The questioning of the hospital administrator fits into a wider campaign to confront insurgents' changing tactics, such as using women as suicide bombers, as they seek to bypass stepped-up security measures and rebound from losses in US-led offensives.
But the joint US-Iraqi raids Sunday on the al-Rashad hospital seek to dig deeper into just one deadly day - the Feb. 1 bombings and whether a physician entrusted to care for the mentally disabled could have aided Al Qaeda.
Rear Admiral Gregory Smith, a military spokesman, said the hospital official was detained "in connection with the possible exploitation of mentally impaired women to Al Qaeda."
It was not immediately clear what direct contact occurred between the detained hospital administrator and the two women who carried the explosives into the crowded outdoor pet markets.
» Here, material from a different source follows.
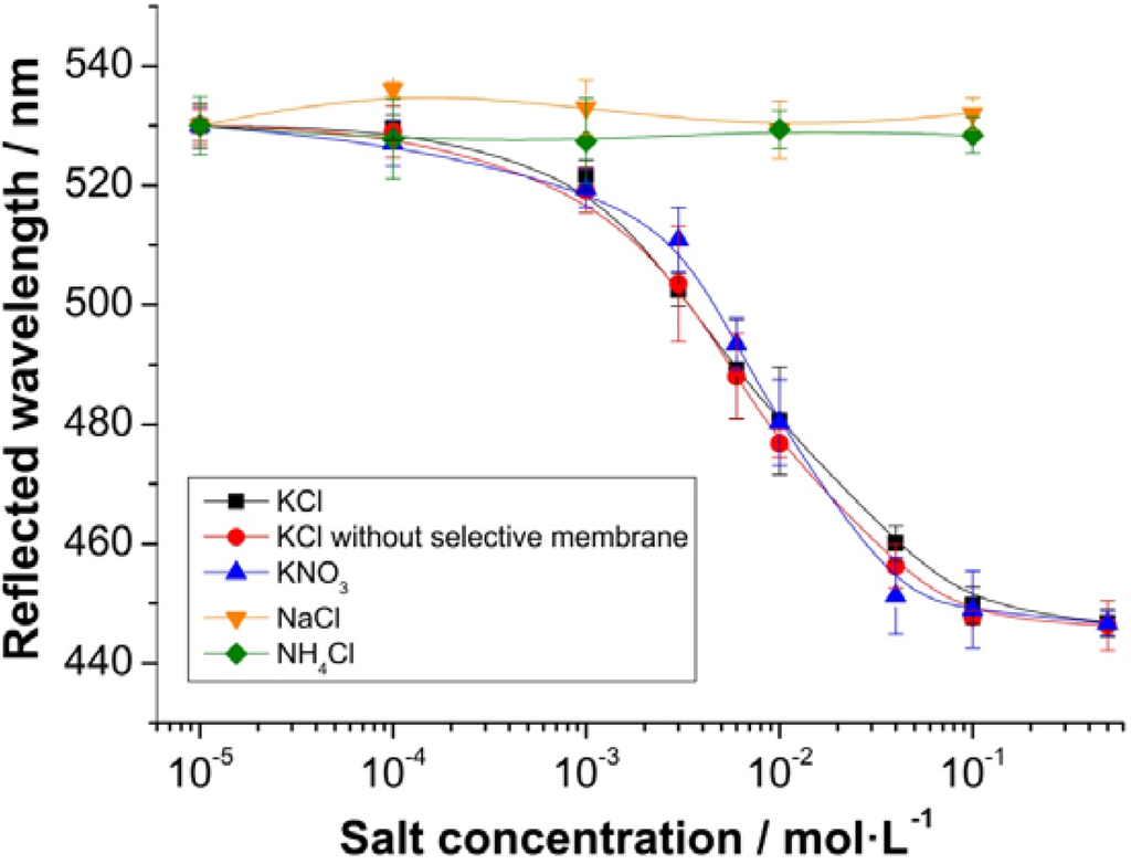 In order to quantify the potassium sensing properties of this novel combination of materials, the device was immersed into aqueous solutions containing different salts in varying concentrations, but at a constant pH value (Figure 3). Ammonium chloride, potassium chloride, potassium nitrate and sodium chloride were tested in concentrations between 10 µM and 0.5 M. In order to determine the sensitivity of the photonic crystal film alone, KCl solutions were also applied to a PAM film without valinomycin/PVC membrane coverage. The presence of K+ ions induces a color change at K+ concentrations between 0.1 mM and 0.1 M. The response is virtually instantaneous (<10 s), and the effects are fully reversible without the need for adding any other reagents. In comparison to an ionic strength sensor without PVC film [26], response times are marginally longer (~2–5 s), due to the ion-selective membrane coverage. The logarithmic plot is linear in the concentration range between 1 and 50 mM, and the slope is 53 nm per one log order of [K+]. This obviously also covers the typical concentration of K+ in serum (~4 mM). In addition, the sensor is very selective in that monovalent cations of approximately the same size (ammonium and sodium) do not cause a signal change over the whole concentration range (Figure 3). This also confirms that the PVC membrane prevents the direct contact of the analyte with the PhC film. The corresponding anion appears not to have an effect, since KCl and KNO3 give the same response.
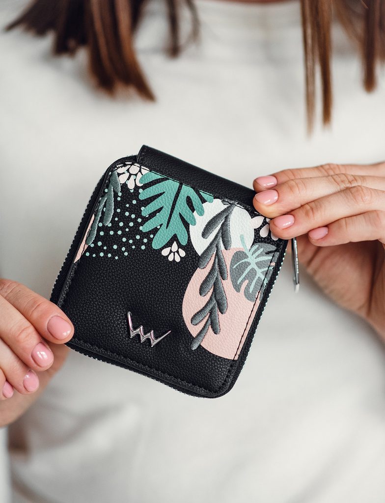 Patricia Desert Black peňaženka s kvetinovou potlačou a výšivkou

A spokesman for US troops in Baghdad, Lieutenant Colonel Steve Stover, said the official was suspected of providing names and files of patients at the hospital to insurgents, suggesting the probe could be broader than the attacks earlier this month. He said the hospital director's computer and files were seized in the raid.
The hospital is located in a mostly Shi'ite district, and Sunnis dominate the insurgents inspired by Al Qaeda.
The military did not identify the suspect, saying he was still under questioning. But a hospital official, speaking on condition of anonymity because he wasn't authorized to release the information, said the detainee was Dr. Sahi Aboob al-Maliki, who had been on the job for two months after his predecessor was assassinated.
The Iraqi assertion that mentally disabled women were used in the attacks was initially met with skepticism. Iraqi authorities said they based the conclusion on photos of the bombers' heads that purportedly showed the women had Down syndrome, and have not offered any other proof.![]()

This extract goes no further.